Ababneh Nidaa A, AlDiqs Razan, Nashwan Sura, Ismail Mohammad A, Barham Raghda, Alatoom Renata M, Nairat Fairouz, Gharandouq Mohammad H, Al-Qaisi Talal, Awidi Abdalla, Saleh Tareq
Cell Therapy Center, The University of Jordan, Amman 11942, Jordan.
South Australian ImmunoGENomics Cancer Institute, Adelaide Medical School, University of Adelaide, Adelaide, SA 5000, Australia.
Int J Mol Sci. 2025 Jun 26;26(13):6178. doi: 10.3390/ijms26136178.
Mesenchymal stem cell-derived exosomes (MSC-Exos) play a key role in tissue repair, immune regulation, and cancer biology. Due to limitations in MSC expansion and source variability, interest has shifted to induced pluripotent stem cell-derived MSCs (iMSCs) as a promising alternative. This study compares effects of exosomes derived from iMSCs (iMSC-Exos) and Wharton's jelly MSCs (WJMSC-Exos) on MCF7 and A549 cancer cells. Both types of exosomes reduced MCF7 proliferation and induced a senescence-like state, rather than apoptosis, although the antiproliferative effect was transient in A549 cells. Notably, WJMSC-Exos promoted migration in both MCF7 and A549, whereas iMSC-Exos did not exhibit this effect. Overall, WJMSC-Exos had a more robust impact on cancer cell proliferation and migration. These findings highlight the diverse effects of exosomes on cancer and the development of a senescence-like state as an important response to Exos exposure. Moreover, these findings invite for more careful evaluation of the therapeutic role of iMSC-derived Exos.
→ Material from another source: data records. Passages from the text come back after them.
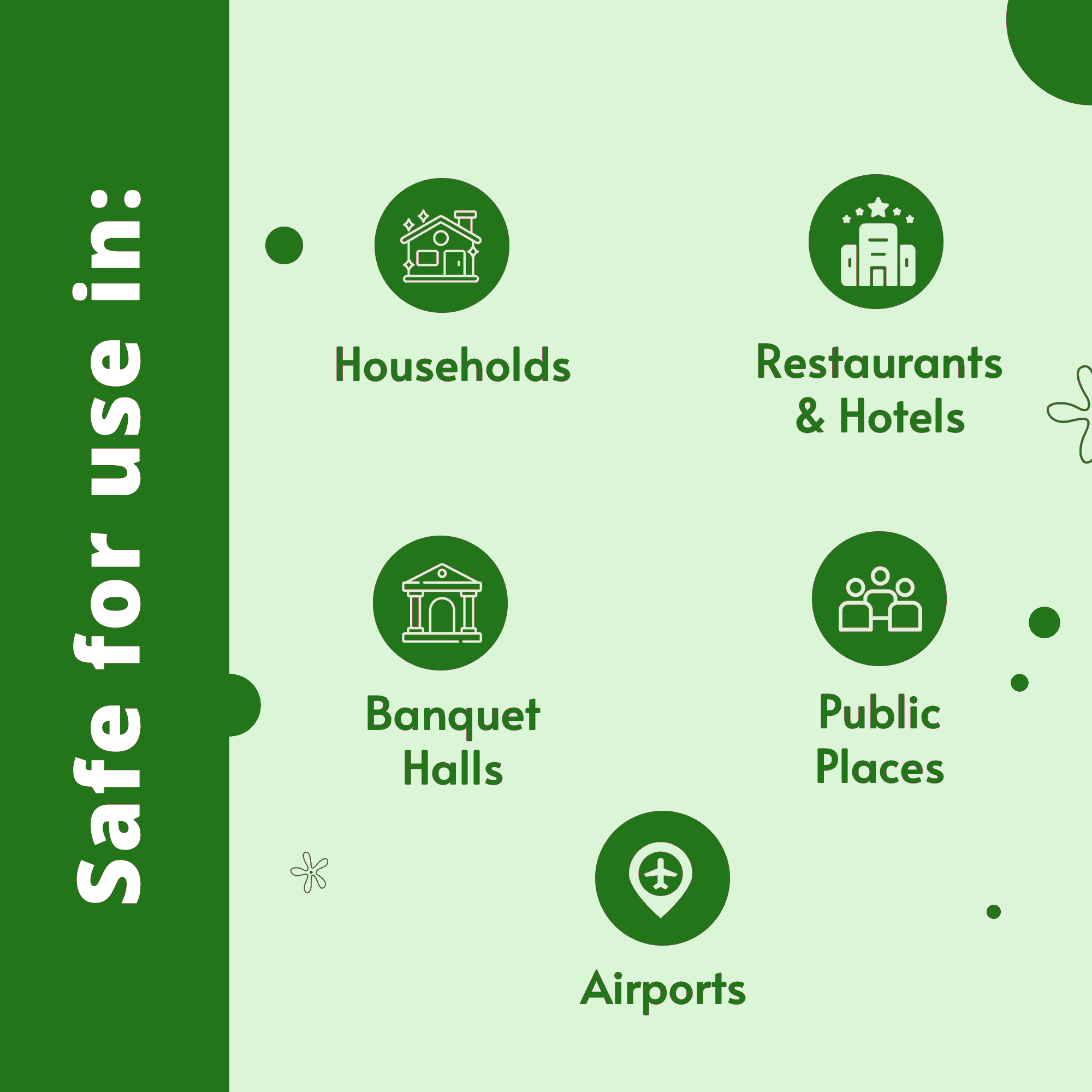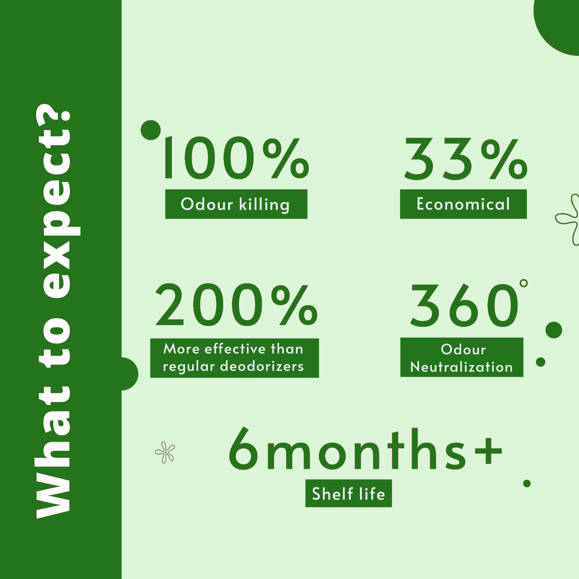 Eliminates odour encrusted in textile floors. Safe for use in households, restaurants, hotels, banquet halls, airports, public and all other places with textile floors.
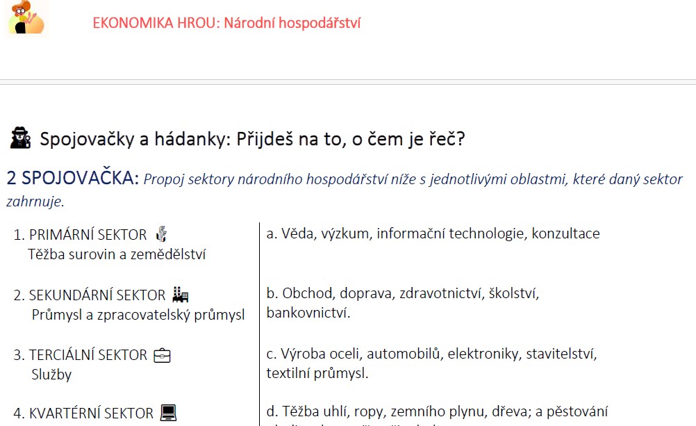 2. Spojovačka k tématu Sektory národního hospodářství + řešení
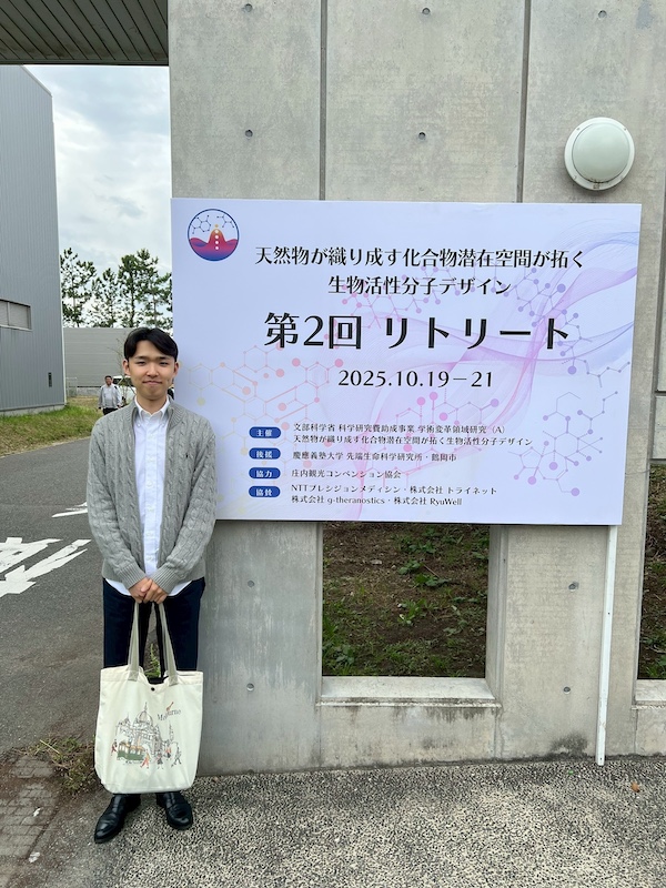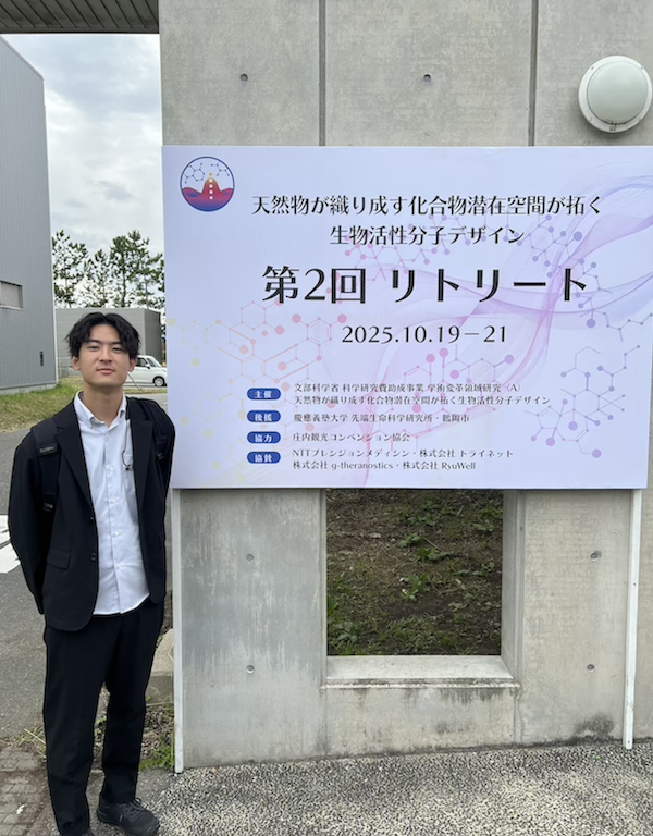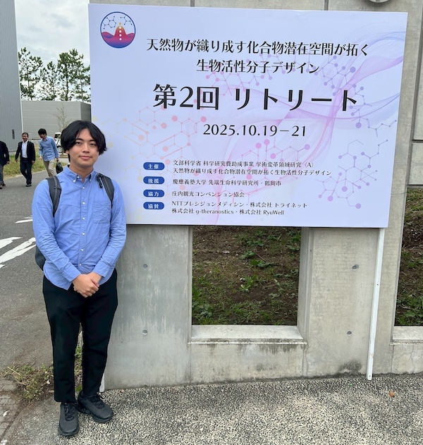 山形県鶴岡市にある慶応義塾大学・鶴岡キャンパスで行われたリトリートでは有機合成化学、ケミカルバイオロジー、情報科学など様々な分野のトップランナーが一同に集まり、分野を超えた活発な議論がされました。各班の先生方の口頭発表では、高度なアッセイ系の構築や画期的な合成経路の構築、機械学習による分子設計及びその基盤の構築など多岐にわたる研究内容が紹介され、本領域における研究の高さを実感するとともに、共同研究の進捗の報告などもあり、異分野の融合研究の実際を目のあたりにすることができました。また、今回は先端科学生命科学研究所の施設で開催されましたが、所長の荒川先生がお話くださった研究所が鶴岡に設立された経緯や研究所のビジョンに非常に感銘を受けました。サイエンスを通じて地方創生・地域活性化が実際に行われていることを目の当たりにしました。また、研究所発のスタートアップ企業のお話も聞くことができ、私の視野が大きく広がる経験となりました。また京都大学・奥野先生のご講演では国家規模で取り組んでいるAI創薬のプロジェクトの概観について理解することができ、研究体制・内容・広報などの取り組みなど大変勉強になりました。全体を通して、私の興味のあるご講演が目白押しのプログラムであり、大変勉強になりました。
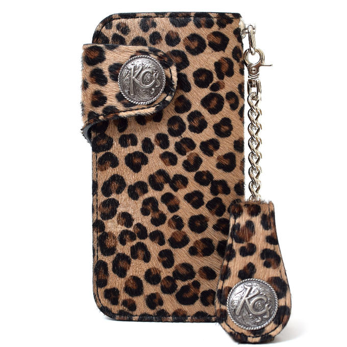 KC,s ケイシイズ 財布 ライダース ウォレット0 ゼロ レオパード 牛毛皮 KIW518 ヒョウ柄 コンチョボタン式 春財布 長財布 革財布 バイカーズウォレット メンズ KC'S ケイシーズ ケーシーズ 日本製 本革 ブランド 優れものA

间充质干细胞衍生的外泌体(MSC-Exos)在组织修复、免疫调节和癌症生物学中发挥着关键作用。由于间充质干细胞扩增的局限性和来源的变异性,人们的兴趣已转向诱导多能干细胞衍生的间充质干细胞(iMSCs),将其作为一种有前景的替代方案。本研究比较了iMSCs衍生的外泌体(iMSC-Exos)和沃顿胶间充质干细胞衍生的外泌体(WJMSC-Exos)对MCF7和A549癌细胞的影响。两种类型的外泌体均降低了MCF7的增殖并诱导了类似衰老的状态,而非凋亡,尽管对A549细胞的抗增殖作用是短暂的。值得注意的是,WJMSC-Exos促进了MCF7和A549细胞的迁移,而iMSC-Exos未表现出这种作用。总体而言,WJMSC-Exos对癌细胞增殖和迁移的影响更为显著。这些发现突出了外泌体对癌症的多种作用以及类似衰老状态的发展是对外泌体暴露的重要反应。此外,这些发现促使人们更仔细地评估iMSC衍生的外泌体的治疗作用。